Mato Grosso do Sul tem 17 terras indígenas em estudo (número maior que o apresentado em reportagem anterior pelo acréscimo da Terra Indígena Vitoi Kuê, entre Japorã e Mundo Novo, da etnia guarani), 4 terras já delimitadas e 11 áreas declaradas, ou seja, são 34 pretendidas.

PRECEDENTES

De acordo com Matias Hempel, já existem casos em Mato Grosso do Sul de territórios em que, mesmo com a demarcação declarada e regularizada, houve contestação na Justiça por parte de fazendeiros.

“A declaração de demarcação da Terra Indígena Guyraroká, em Caarapó, já está suspensa no STF [Supremo Tribunal Federal], por uma decisão do ministro Gilmar Mendes. Ela foi declarada com 50 hectares dos 11.400 hectares e há tentativa de reverter isso”, afirmou Hempel.

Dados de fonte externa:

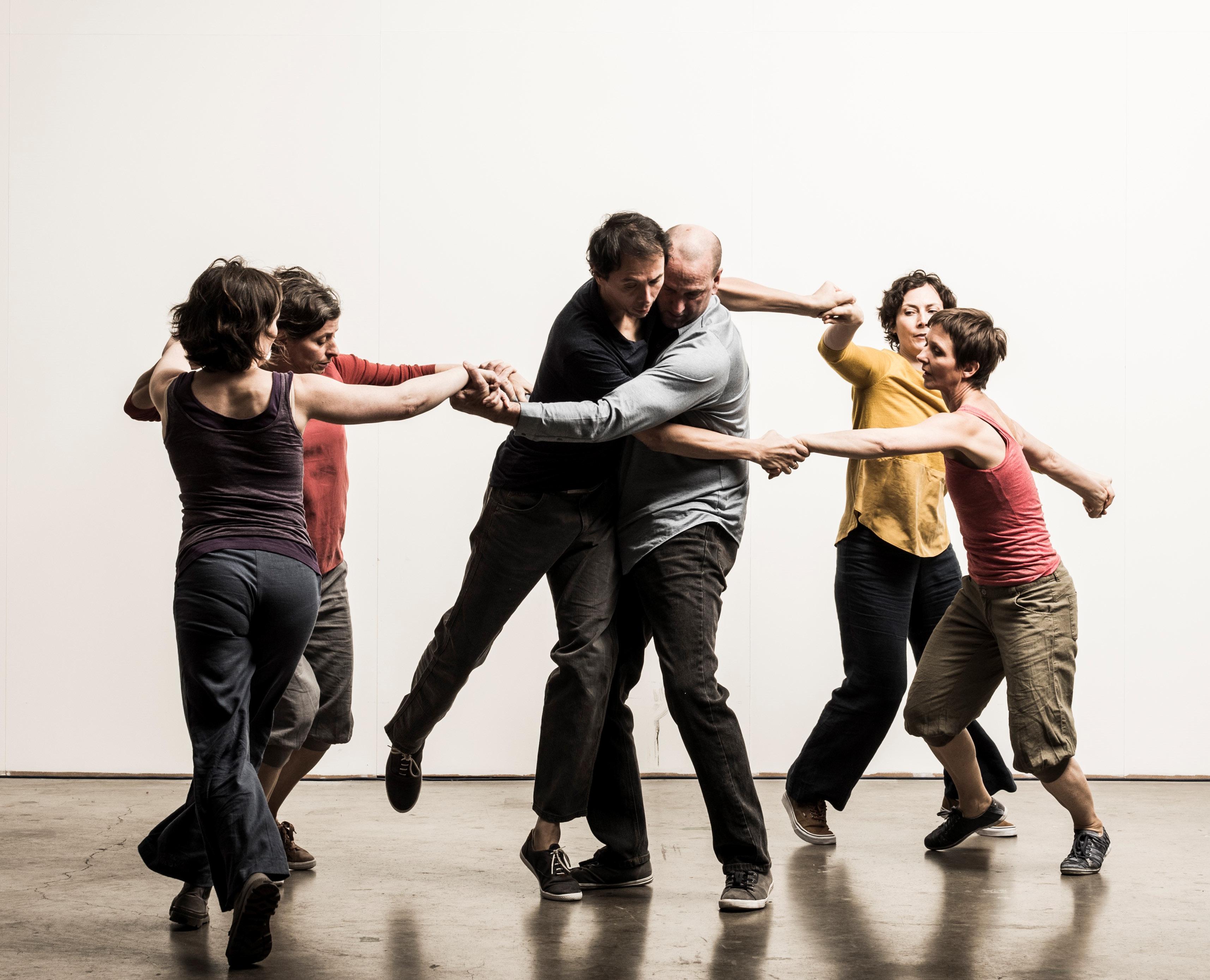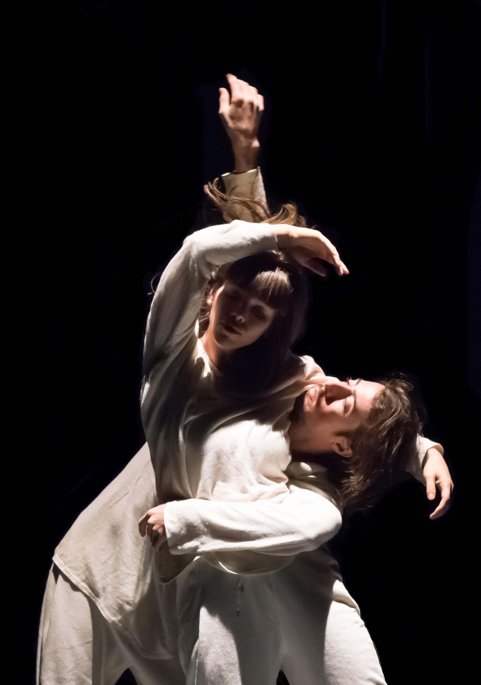 Two dancers reach upward and around one another in ‘Syncing Feeling’ - Photo Credit: Ashley McLellan
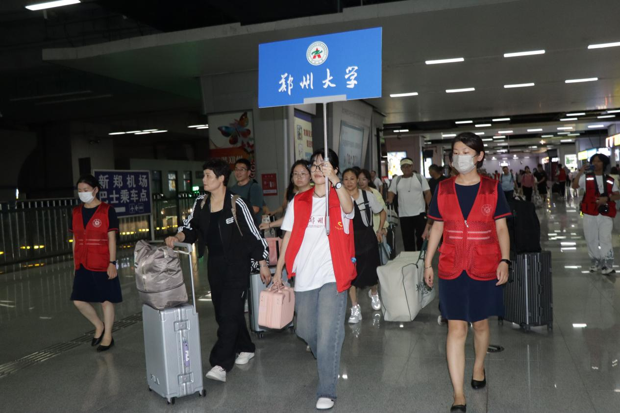 “鄭州大學歡迎你!”在鄭州東站和鄭州火車站的迎新接待點,負責引導新生的志愿者們,手舉標識牌“鄭州大學”,幫助新生一出站就能找準“家”的方向。14輛接送車輛往返站點和學校,60余名迎新接站志愿者分布在新生接待站,新生同學們一出站就能看到志愿者的身影。
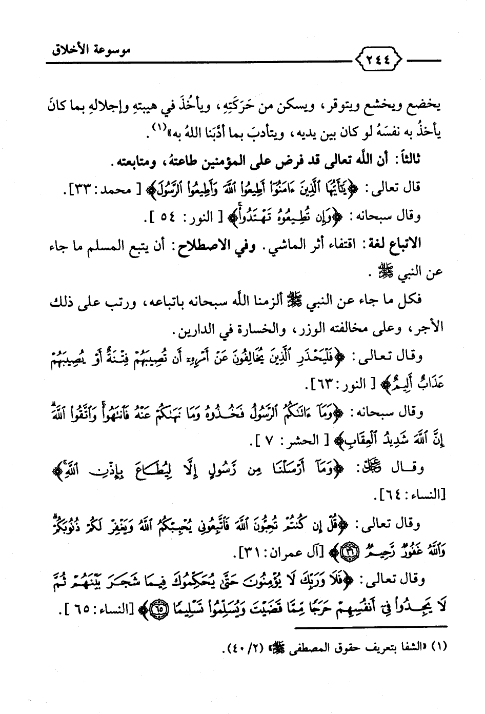(¬1) "الشفا بتعريف حقوق المصطفى - صلى الله عليه وسلم -" (2/ 40).
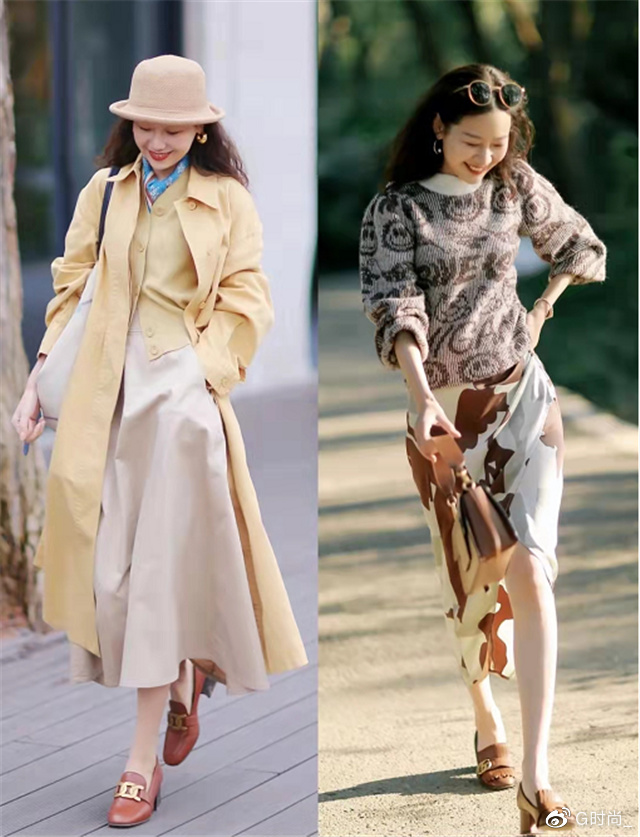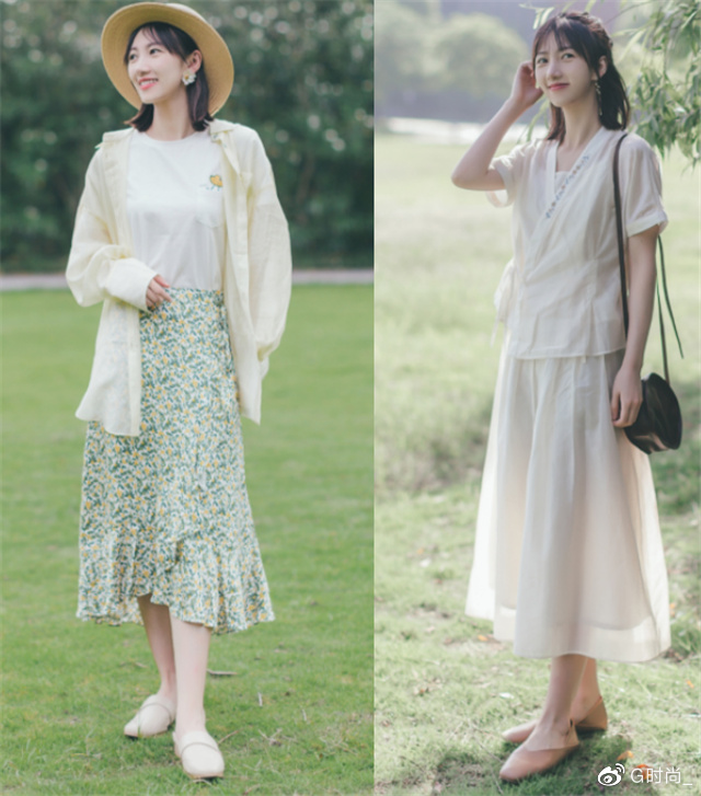 各种浅色的裙装搭配上浅色的平底鞋,舒适又耐穿,看上去很柔和。
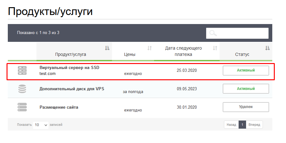Выберете виртуальный сервер, к которому вы хотите подключить дополнительный диск (меню «Аккаунт», «Продукты/услуги»).
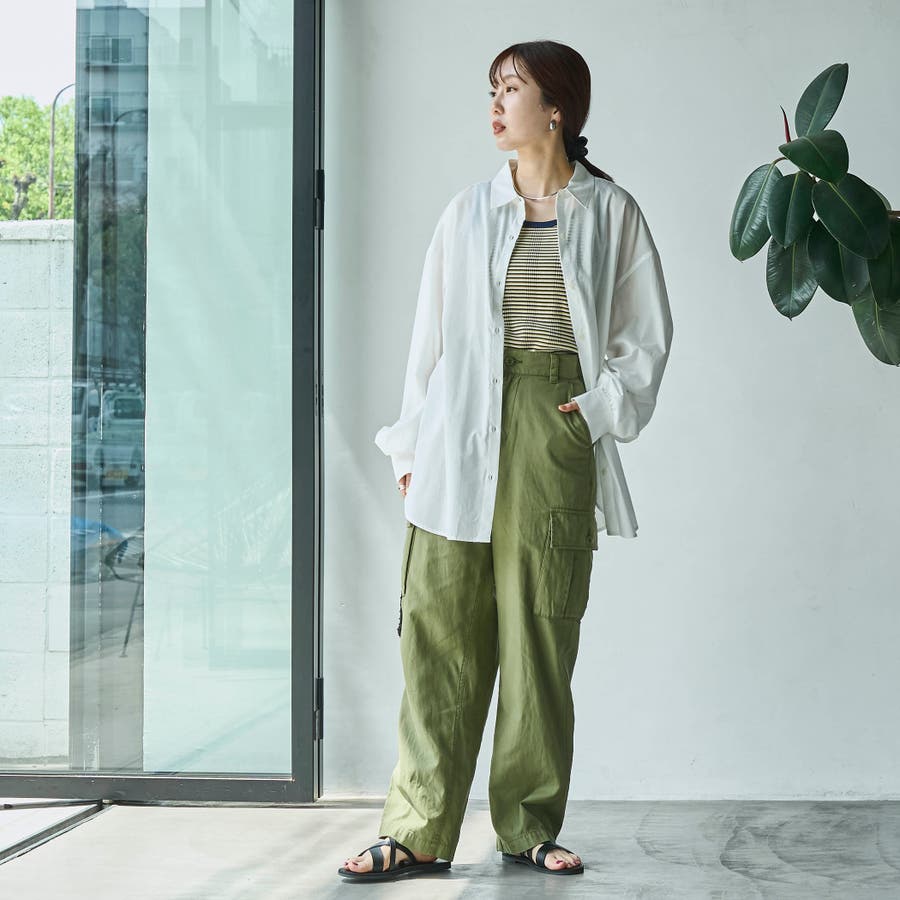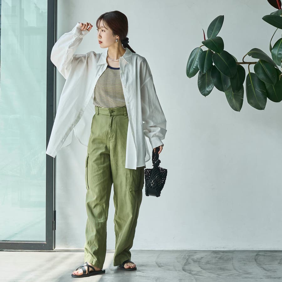 タンクトップやキャミの上からサッと羽織るだけでイマドキな春夏スタイルが楽しめます。

“Outro caso é o da Aldeia Limão Verde, em Aquidauana, que está regularizada, mas o processo foi suspenso porque o proprietário da fazenda entrou na Justiça. Então, essa questão do marco temporal, apesar de ter sido aprovado só agora na Câmara, já vem sendo usado na Justiça de Mato Grosso do Sul e no TRF3 [Tribunal Regional Federal da 3ª Região]”, completou.

PROTESTOS

Com a aprovação do PL 490, a Articulação dos Povos Indígenas do Brasil (Apib) informou oficialmente que seguirá os protestos e movimentos para impedir o seguimento da tramitação favorável do projeto em Brasília.

A Apib disse “esperar que a defesa da Constituição Federal seja feita pelo Supremo Tribunal Federal, que vai julgar a tese do marco temporal no dia 7 de junho”. O movimento indígena anunciou, em reunião de suas lideranças transmitida ao vivo ontem, que será montado um acampamento em frente ao STF do dia 5 até o dia 8.

De acordo com o coordenador-executivo da Apib-Coiab, Kleber Karipuna, são esperadas de 2 mil a 3 mil lideranças indígenas no ato em Brasília. A coordenadora-executiva da Apib, Val Eloy Terena, confirmou ao Correio do Estado a presença do movimento indígena de Mato Grosso do Sul nesta ação.

“Com certeza a Articulação dos Povos Indígenas do Brasil vai descer toda para Brasília e vai fazer a luta que a gente sempre fez. Esta é uma mobilização nacional, e todas as organizações-base da Apib vão participar”, informou Val Terena.

Kleber Karipuna e outras lideranças indígenas, como a ministra dos Povos Indígenas (MPI), Sonia Guajajara, e o secretário-executivo do MPI, Eloy Terena, estiveram em reunião, na terça-feira, com o presidente do senado, Rodrigo Pacheco.

“Levamos para ele a pauta do PL 490 e solicitamos que não fosse aprovado o PL no Senado e que fosse tramitado com toda a análise de inconstitucionalidade. Ele [Rodrigo Pacheco] garantiu que o PL não será votado com urgência no Senado”, declarou Kleber Karipuna.